Isabel Díaz Ayuso, presidenta de la Comunidad de Madrid, convocó una rueda de prensa de urgencia para manifestar las nuevas medidas adoptadas por el gobierno autonómico. Tras saberse que los colegios estarían cerrados, la psicosis se instaló y miles de madrileños acudieron a los supermercados a por víveres suficientes. 

Pero no solo fue en los establecimientos. A partir de las 21:30 del lunes, las webs de Mercadona, Dia, Lidl o Alcampo se saturaron y se cayeron. Parte de los clientes que querían realizar la compra online se quedaron con las ganas.

Retrasos de dos días

“Tuvimos picos de tráfico que era impensable llegar a ver. Los sistemas no estaban preparados para tal cantidad de afluencia a nuestras páginas”, indican fuentes del sector a Crónica Global.

Los pedidos online, por tanto, se contaban por decenas de miles y el hecho de no poder contabilizar a la vez los productos fue la principal razón por la que las webs se cayeron. Tras el aluvión de pedidos, las mismas fuentes indican que “la demora en el recibo de los pedidos se ha incrementado entre 24 y 48 horas”.

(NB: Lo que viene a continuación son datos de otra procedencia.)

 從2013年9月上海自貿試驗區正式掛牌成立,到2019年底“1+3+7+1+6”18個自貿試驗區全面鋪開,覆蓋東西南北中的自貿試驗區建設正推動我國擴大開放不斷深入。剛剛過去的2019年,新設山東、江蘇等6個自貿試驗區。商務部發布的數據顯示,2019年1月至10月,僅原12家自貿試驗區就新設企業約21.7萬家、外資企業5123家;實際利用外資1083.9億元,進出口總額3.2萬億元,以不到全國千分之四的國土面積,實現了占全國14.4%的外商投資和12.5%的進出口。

Los supermercados piden calma

Tras unas horas de auténtico horror en los pasillos de los supermercados, las diversas asociaciones y patronal de este tipo de comercios tuvieron que hacer un llamamiento a la calma para tranquilizar a los consumidores, que veían como las estanterías se quedaban vacías según avanzaban las horas del martes.

AECOC y ANGED pidieron tranquilidad y aseveran que “ la cadena de suministro, logística y abastecimiento están garantizados y funcionan correctamente”.

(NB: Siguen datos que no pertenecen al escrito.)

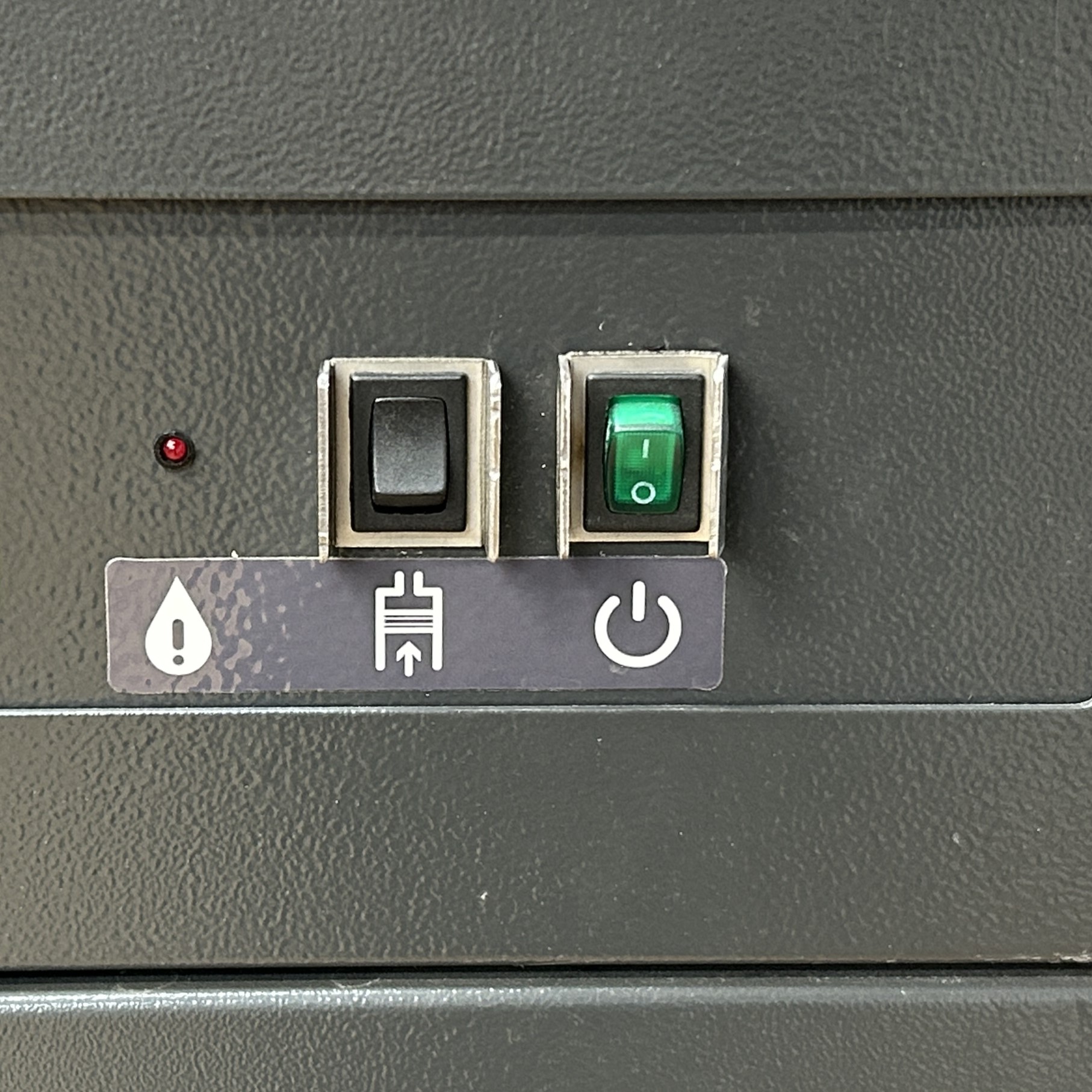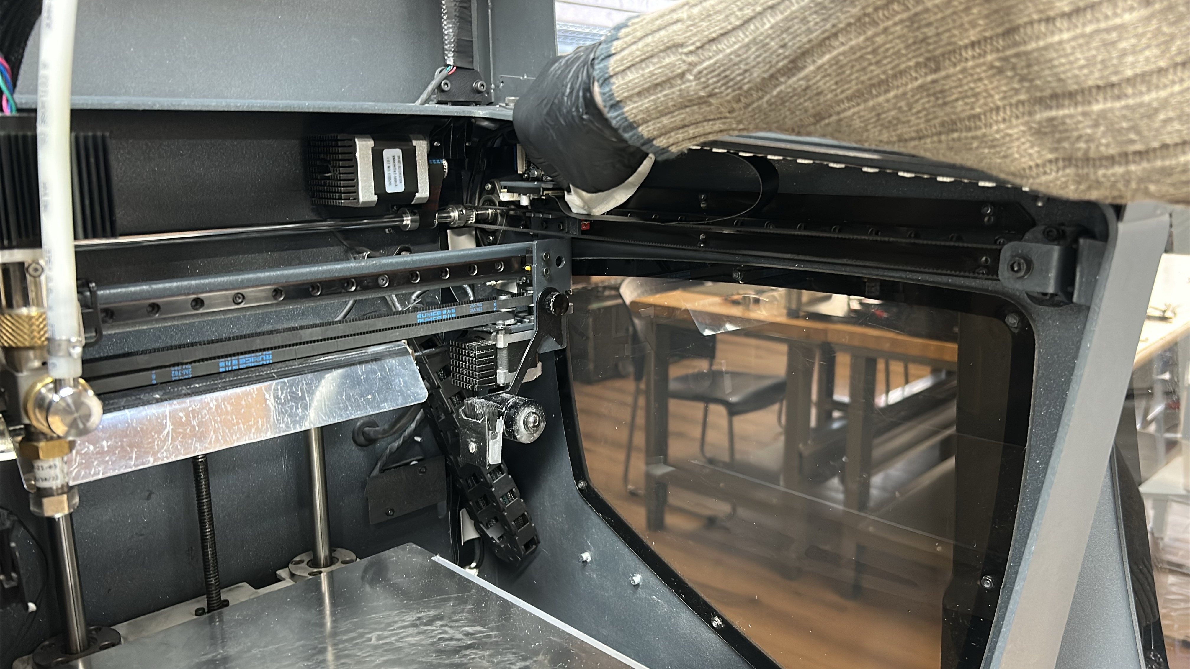 1. Turn off the printer via the switch on the lower cabinet. During this process it is advised to move the axes manually in order to reach all parts of the linear guides.

También matizaron que España no tendrá problemas durante esta crisis sanitaria puesto que “cuenta con una de las distribuciones alimentarias más eficientes de Europa y, gracias a un modelo de distribución de proximidad --con cerca de 400 plataformas logísticas repartidas por todo el país-- puede abastecer eficazmente a más de 24.300 tiendas”.